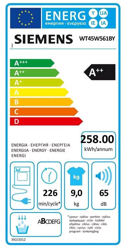 Ročná spotreba energie 258.0 kW h/rok, na základe 160 cyklov v štandardnom programe bavlna s plnou a polovičnou náplňou, a spotreba v úsporných programoch. Skutočná spotreba je závislá na spôsobe použitia spotrebiča.
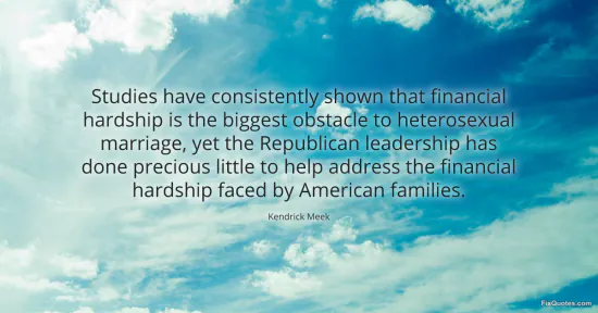 “Studies have consistently shown” is doing a lot of work here: Kendrick Meek borrows the lab coat of social science to frame marriage not as a moral question but as an economic one. That move matters because it yanks the debate away from culture-war abstractions and drops it into the checkbook reality of rent, wages, health insurance, and child care. The intent is clear: if marriage rates are a concern, then the “family values” agenda has to be measured in material support, not sermonizing.
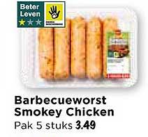 Ben jij een fan van heerlijk vlees dat perfect is voor op de barbecue? Dan is deze aanbieding zeker iets voor jou! De Barbecuworst Smokey Chicken is ideaal voor een gezellige zomerse BBQ met vrienden en familie. Mals, vol van smaak en met een rokerige twist, deze worstjes zullen zeker in de smaak vallen. Bovendien zijn ze afkomstig van 'Beter Leven', wat betekent dat je ook nog eens bijdraagt aan een beter dierenwelzijn.
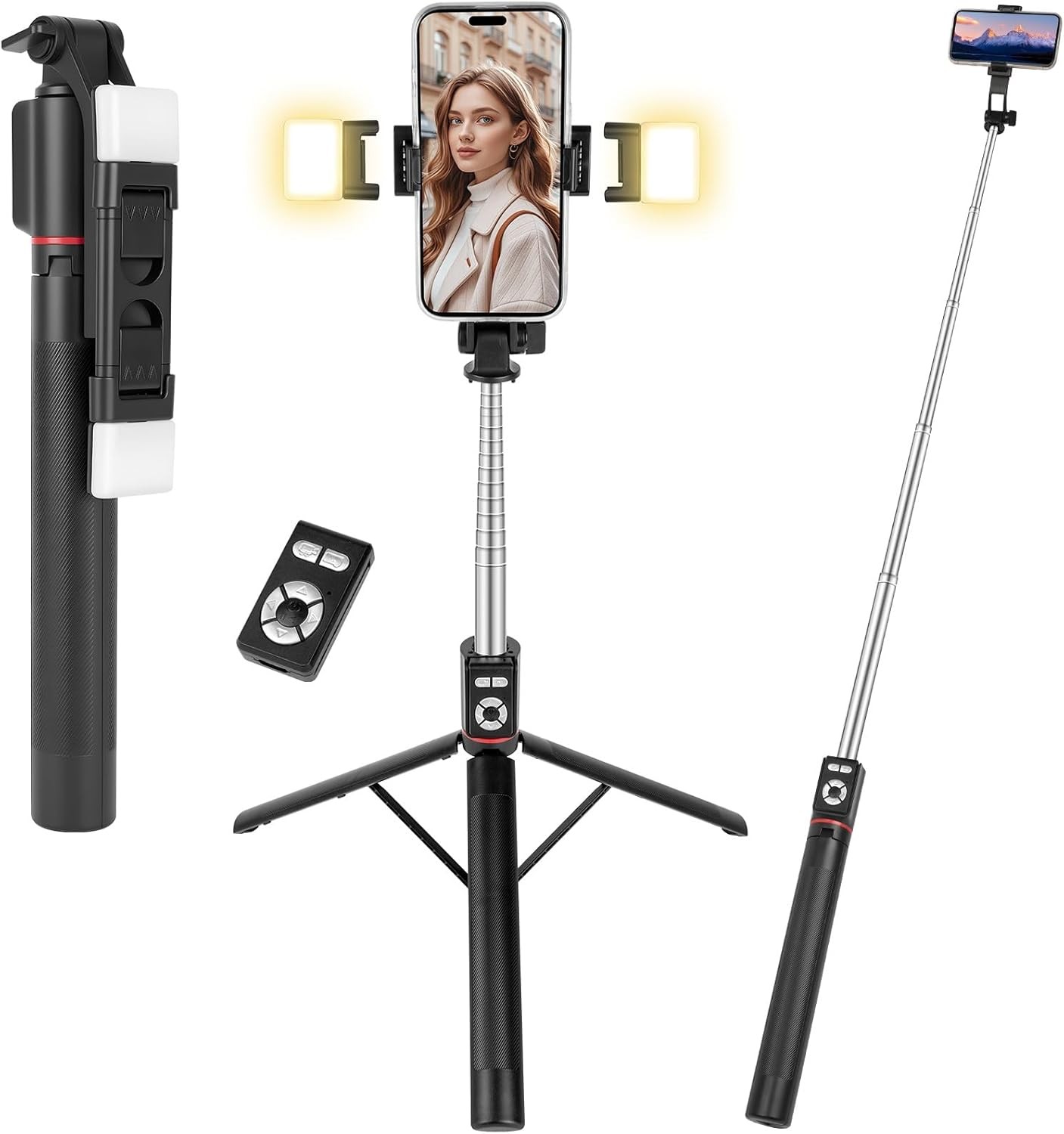 Mobile Phone Tripods, 67''/170cm Extendable Selfie Stick with 2 Fill Lights, 3
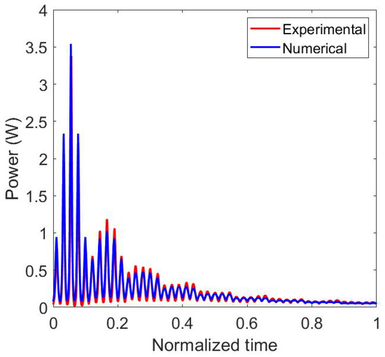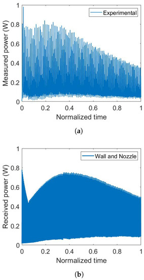 While manufacturing the box, a brim of ten perimeters is deposited in the first layer, ensuring good adhesion between part build surface during the process (Figure 5b). During this step, the nozzle is close to the build plate and gets closer to the sensor over time (up to in normalized time). In Figure 8a, as is not firstly expected, the power received by the sensor decrease while the minimum distance between the sensor and the extruder decrease. This effect is also visible in the numerical results (Figure 8b). This phenomenon is explained previously and it is related to the expression of the view factor (1) and the product of the cosines. In a second time, the value of the power measured by the sensor increase with the height of the manufactured box. The power value reaches its maximum around (normalized time) and then decreases till the end of the process. It can be seen that the measured power has a minimum value when the extruder is manufacturing the wall placed at the opposite of the sensor.
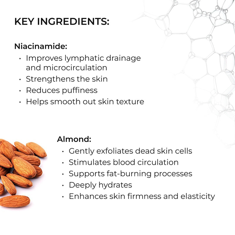Niacynamid wspomaga poprawę mikrokrążenia, pomaga wyrównać strukturę skóry i zmniejsza zastoje w tkankach. Wspiera także regenerację skóry, redukując oznaki zmęczenia i stresu. L-karnityna aktywnie wspomaga procesy spalania tkanki tłuszczowej, pomagając zmniejszyć widoczność cellulitu. Dodatkowo zwiększa jędrność skóry, czyniąc ją bardziej elastyczną i napiętą.
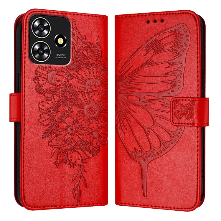 Funda de Cuero para ZTE Blade A73 4G con Mariposa en Relieve (Rojo)
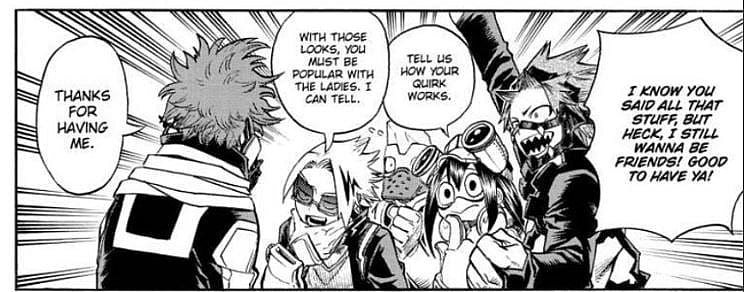 Ojiro explains, “The Cavalry Battle… I have no memories of anything that happened up until the tail end.” He even hints that it might be due to Shinso’s quirk and speculates that “it’s probably his quirk that did it…”

Instructions for the task: Pictures excluded, set down all the entries exactly.

Written response:
 Ročná spotreba energie 258.0 kW h/rok, na základe 160 cyklov v štandardnom programe bavlna s plnou a polovičnou náplňou, a spotreba v úsporných programoch. Skutočná spotreba je závislá na spôsobe použitia spotrebiča.
 “Studies have consistently shown” is doing a lot of work here: Kendrick Meek borrows the lab coat of social science to frame marriage not as a moral question but as an economic one. That move matters because it yanks the debate away from culture-war abstractions and drops it into the checkbook reality of rent, wages, health insurance, and child care. The intent is clear: if marriage rates are a concern, then the “family values” agenda has to be measured in material support, not sermonizing.
 Ben jij een fan van heerlijk vlees dat perfect is voor op de barbecue? Dan is deze aanbieding zeker iets voor jou! De Barbecuworst Smokey Chicken is ideaal voor een gezellige zomerse BBQ met vrienden en familie. Mals, vol van smaak en met een rokerige twist, deze worstjes zullen zeker in de smaak vallen. Bovendien zijn ze afkomstig van 'Beter Leven', wat betekent dat je ook nog eens bijdraagt aan een beter dierenwelzijn.
 Mobile Phone Tripods, 67''/170cm Extendable Selfie Stick with 2 Fill Lights, 3
 While manufacturing the box, a brim of ten perimeters is deposited in the first layer, ensuring good adhesion between part build surface during the process (Figure 5b). During this step, the nozzle is close to the build plate and gets closer to the sensor over time (up to in normalized time). In Figure 8a, as is not firstly expected, the power received by the sensor decrease while the minimum distance between the sensor and the extruder decrease. This effect is also visible in the numerical results (Figure 8b). This phenomenon is explained previously and it is related to the expression of the view factor (1) and the product of the cosines. In a second time, the value of the power measured by the sensor increase with the height of the manufactured box. The power value reaches its maximum around (normalized time) and then decreases till the end of the process. It can be seen that the measured power has a minimum value when the extruder is manufacturing the wall placed at the opposite of the sensor.
Niacynamid wspomaga poprawę mikrokrążenia, pomaga wyrównać strukturę skóry i zmniejsza zastoje w tkankach. Wspiera także regenerację skóry, redukując oznaki zmęczenia i stresu. L-karnityna aktywnie wspomaga procesy spalania tkanki tłuszczowej, pomagając zmniejszyć widoczność cellulitu. Dodatkowo zwiększa jędrność skóry, czyniąc ją bardziej elastyczną i napiętą.
 Funda de Cuero para ZTE Blade A73 4G con Mariposa en Relieve (Rojo)
 Ojiro explains, “The Cavalry Battle… I have no memories of anything that happened up until the tail end.” He even hints that it might be due to Shinso’s quirk and speculates that “it’s probably his quirk that did it…”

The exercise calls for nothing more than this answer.